The cafe provides a nice amount of ambient sound. They always play some form of inoffensive canned piano jazz, which I block out of my earphones anyway. It’s not super well-lit, but some light floods in from the large windows that I always sit near. Aside from the skittish hiss of the espresso machine whenever someone places an order, there’s a calm, almost a sleepiness that appears to wash over the entire cafe.

On Friday, some folks from the lab and I went to East is East in Kits, to celebrate the end of the academic year. Before that, we’d sat around in the long tables in the lab, taking alternating sips between sickly-sweet peanut-butter flavoured whiskey and the last of the whiskey I had brought to the lab. The peanut butter flavoured whiskey tasted more like liquified peanut butter than anything else, it even coated the tongue like real peanut butter does. Nico brought in some of his incredibly tasty pretzels, which were mostly consumed in short order. I’d love to taste them freshly out of the oven, one day.

It was my first time going to East is East, and I was not disappointed. It was located inside Calhoun’s Bakery, a former Kitsilano institution frequently visited by UBC students. I remember visiting here once or twice during my early undergrad. The inside of East is East was warm and rustic. Most of the furniture appeared to be hand-hewn from large trunks of trees. Large carpets were draped over walls, and the lighting was dim. The food was great, too. A favourite of mine was a salad that had judicious amounts of cilantro scattered throughout. For entertainment, we read some surprisingly colourful fan fiction written about Microsoft Clippy, everyone’s favourite office assistant.

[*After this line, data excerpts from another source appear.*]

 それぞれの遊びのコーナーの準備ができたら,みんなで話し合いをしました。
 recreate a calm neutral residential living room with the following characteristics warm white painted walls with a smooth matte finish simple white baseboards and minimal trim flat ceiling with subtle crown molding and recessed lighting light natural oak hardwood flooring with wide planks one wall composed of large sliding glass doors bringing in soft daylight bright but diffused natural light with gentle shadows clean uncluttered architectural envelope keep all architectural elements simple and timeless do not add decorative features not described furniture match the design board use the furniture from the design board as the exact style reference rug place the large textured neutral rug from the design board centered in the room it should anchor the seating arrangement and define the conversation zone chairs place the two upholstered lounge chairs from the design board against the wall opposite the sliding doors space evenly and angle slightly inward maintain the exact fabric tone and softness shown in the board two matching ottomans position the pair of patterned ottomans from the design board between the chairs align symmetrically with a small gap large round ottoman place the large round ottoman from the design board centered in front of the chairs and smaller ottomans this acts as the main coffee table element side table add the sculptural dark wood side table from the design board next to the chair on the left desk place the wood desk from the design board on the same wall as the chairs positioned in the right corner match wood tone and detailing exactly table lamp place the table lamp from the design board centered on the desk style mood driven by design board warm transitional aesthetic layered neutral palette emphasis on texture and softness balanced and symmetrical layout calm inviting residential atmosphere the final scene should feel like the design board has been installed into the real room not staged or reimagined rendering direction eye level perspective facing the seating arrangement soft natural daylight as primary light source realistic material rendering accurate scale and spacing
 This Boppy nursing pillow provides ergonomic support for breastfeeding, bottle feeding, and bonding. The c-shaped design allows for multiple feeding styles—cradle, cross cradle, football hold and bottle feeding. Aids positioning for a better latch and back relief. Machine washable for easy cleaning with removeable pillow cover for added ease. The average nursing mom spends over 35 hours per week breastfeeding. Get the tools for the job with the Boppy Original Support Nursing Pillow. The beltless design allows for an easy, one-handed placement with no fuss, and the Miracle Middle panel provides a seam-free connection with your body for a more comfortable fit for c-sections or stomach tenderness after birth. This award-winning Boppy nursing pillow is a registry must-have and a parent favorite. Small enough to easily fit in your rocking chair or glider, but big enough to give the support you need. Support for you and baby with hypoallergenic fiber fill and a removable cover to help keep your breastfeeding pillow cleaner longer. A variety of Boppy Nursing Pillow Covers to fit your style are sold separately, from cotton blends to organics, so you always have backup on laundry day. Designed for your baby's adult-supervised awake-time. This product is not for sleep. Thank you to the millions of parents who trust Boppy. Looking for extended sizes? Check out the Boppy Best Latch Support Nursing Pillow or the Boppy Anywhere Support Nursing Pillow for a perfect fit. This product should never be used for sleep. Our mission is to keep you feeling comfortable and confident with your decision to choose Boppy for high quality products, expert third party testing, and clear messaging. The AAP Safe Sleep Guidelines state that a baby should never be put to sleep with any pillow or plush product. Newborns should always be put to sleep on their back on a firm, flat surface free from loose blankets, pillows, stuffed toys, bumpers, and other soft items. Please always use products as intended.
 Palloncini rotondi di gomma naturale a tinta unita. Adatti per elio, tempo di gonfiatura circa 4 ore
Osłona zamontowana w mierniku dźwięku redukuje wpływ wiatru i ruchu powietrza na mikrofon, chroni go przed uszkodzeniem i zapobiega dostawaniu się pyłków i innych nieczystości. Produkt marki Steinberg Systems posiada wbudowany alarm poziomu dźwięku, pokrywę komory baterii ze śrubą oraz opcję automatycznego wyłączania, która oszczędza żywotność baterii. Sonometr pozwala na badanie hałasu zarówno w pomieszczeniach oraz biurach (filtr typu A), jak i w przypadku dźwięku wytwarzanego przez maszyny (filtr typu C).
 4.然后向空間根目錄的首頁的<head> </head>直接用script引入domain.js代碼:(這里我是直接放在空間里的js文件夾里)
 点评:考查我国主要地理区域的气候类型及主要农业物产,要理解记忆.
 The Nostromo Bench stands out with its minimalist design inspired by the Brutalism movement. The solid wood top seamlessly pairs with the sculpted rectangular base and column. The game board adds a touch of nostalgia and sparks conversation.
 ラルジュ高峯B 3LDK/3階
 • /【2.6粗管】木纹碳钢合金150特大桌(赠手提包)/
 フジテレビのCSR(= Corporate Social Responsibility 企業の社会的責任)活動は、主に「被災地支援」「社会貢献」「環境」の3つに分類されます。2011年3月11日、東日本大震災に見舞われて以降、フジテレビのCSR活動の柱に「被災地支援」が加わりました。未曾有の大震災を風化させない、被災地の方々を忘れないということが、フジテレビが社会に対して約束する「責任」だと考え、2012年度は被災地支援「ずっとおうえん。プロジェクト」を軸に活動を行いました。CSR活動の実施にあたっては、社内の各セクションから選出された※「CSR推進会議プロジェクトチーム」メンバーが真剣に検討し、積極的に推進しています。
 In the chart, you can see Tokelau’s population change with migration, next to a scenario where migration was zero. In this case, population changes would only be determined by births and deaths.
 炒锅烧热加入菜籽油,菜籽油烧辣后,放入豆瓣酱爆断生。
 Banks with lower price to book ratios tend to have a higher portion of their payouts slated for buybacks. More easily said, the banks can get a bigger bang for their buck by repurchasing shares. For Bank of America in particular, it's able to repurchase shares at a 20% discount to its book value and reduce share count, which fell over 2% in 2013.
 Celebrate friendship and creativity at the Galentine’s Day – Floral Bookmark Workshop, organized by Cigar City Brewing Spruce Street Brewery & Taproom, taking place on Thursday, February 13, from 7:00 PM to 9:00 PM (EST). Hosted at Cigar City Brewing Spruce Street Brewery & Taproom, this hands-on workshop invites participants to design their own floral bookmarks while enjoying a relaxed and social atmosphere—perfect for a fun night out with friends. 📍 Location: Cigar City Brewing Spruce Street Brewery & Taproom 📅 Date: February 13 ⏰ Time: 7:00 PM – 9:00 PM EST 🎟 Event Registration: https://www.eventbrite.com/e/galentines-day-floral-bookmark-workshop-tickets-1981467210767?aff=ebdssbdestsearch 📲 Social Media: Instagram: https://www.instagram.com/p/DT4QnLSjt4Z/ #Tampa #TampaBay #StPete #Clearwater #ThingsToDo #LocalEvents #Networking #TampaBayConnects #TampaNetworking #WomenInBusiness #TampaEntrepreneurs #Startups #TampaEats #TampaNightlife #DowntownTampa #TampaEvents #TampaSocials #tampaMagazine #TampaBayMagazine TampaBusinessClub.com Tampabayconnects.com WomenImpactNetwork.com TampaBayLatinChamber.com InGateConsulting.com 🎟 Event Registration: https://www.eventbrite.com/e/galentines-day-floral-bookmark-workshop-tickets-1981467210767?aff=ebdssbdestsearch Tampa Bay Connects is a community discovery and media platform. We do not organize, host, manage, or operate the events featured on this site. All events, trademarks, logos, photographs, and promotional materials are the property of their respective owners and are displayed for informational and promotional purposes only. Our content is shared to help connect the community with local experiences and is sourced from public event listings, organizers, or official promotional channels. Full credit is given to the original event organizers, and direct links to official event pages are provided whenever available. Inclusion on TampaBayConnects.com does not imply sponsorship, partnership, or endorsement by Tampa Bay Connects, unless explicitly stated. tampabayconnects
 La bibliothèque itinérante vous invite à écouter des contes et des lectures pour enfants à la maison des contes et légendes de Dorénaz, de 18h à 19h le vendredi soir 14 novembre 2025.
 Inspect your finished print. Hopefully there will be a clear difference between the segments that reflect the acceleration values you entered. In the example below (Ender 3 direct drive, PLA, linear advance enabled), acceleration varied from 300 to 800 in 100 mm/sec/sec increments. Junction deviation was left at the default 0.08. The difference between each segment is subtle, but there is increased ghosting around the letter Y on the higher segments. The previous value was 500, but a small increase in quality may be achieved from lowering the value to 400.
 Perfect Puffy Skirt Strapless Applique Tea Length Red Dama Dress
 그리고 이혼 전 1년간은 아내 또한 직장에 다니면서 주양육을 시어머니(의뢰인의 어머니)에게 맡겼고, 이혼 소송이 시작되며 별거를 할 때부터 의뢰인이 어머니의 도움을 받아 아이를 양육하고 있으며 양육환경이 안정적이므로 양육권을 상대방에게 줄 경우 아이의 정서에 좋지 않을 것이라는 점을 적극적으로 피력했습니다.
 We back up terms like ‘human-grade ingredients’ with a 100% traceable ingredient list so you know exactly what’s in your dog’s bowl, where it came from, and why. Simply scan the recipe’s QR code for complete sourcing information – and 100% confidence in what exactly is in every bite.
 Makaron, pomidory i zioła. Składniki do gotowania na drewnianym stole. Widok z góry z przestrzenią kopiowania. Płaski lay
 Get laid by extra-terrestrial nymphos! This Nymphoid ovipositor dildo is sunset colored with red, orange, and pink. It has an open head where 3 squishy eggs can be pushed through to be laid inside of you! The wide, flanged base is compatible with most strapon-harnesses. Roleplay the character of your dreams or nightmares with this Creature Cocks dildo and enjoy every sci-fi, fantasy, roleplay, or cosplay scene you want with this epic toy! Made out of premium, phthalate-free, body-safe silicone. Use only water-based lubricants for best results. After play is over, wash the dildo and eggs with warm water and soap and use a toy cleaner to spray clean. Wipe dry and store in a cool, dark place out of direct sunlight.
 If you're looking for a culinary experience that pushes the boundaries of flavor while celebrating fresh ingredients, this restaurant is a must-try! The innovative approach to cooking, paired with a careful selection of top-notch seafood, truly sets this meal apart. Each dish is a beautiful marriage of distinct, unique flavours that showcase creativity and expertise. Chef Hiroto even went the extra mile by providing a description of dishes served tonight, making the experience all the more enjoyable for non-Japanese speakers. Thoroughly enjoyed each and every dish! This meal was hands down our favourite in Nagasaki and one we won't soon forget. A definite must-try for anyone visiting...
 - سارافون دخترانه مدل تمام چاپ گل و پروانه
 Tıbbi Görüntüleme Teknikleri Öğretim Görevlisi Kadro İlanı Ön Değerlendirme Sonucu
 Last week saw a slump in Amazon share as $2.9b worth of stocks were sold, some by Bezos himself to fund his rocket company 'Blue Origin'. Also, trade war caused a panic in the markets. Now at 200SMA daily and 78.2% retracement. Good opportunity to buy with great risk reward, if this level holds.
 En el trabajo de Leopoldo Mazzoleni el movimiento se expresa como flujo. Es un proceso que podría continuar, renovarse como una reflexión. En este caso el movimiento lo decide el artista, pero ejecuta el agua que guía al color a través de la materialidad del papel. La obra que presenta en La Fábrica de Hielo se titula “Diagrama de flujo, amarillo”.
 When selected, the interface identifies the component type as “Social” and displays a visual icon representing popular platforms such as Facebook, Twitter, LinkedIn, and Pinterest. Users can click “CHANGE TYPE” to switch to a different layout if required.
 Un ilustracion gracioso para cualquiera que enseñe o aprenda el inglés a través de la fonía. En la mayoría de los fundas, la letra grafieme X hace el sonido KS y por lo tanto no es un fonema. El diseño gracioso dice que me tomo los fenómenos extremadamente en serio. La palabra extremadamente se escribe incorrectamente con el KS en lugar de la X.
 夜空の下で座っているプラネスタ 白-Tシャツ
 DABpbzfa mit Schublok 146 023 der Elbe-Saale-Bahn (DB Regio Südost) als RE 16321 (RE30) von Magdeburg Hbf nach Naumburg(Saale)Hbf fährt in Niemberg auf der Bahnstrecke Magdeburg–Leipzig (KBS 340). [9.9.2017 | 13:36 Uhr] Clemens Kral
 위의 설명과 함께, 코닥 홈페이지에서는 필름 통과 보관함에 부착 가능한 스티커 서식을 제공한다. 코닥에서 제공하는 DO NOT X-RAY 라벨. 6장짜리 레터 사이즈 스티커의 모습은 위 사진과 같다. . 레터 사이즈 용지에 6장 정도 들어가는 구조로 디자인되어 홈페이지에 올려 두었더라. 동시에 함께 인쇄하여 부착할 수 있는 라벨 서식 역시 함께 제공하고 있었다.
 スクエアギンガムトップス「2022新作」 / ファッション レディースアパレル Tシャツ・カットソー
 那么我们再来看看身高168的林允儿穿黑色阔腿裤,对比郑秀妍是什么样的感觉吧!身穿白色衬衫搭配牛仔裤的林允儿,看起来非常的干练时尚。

I spent yesterday working on part of the tool I’m building for my thesis. UI development with Java/Kotlin is less annoying than I thought. That said, I think I haven’t hit the part of the thesis where I’m inevitably going to be flailing wildly. Later, I worked a bit more on the open issue I have for the Scala Package Manager. I finally understand why implicits are as annoying as people say they are. I have an implicit definition that appears to require an implicit parameter to function, but produces a non-fatal error during compilation, which reports that the implicit parameter is unused… I could fix this by annotation the parameter with @nowarn, but that seems like an unnecessary hack. I guess I’ll wait for what the reviewers have to say.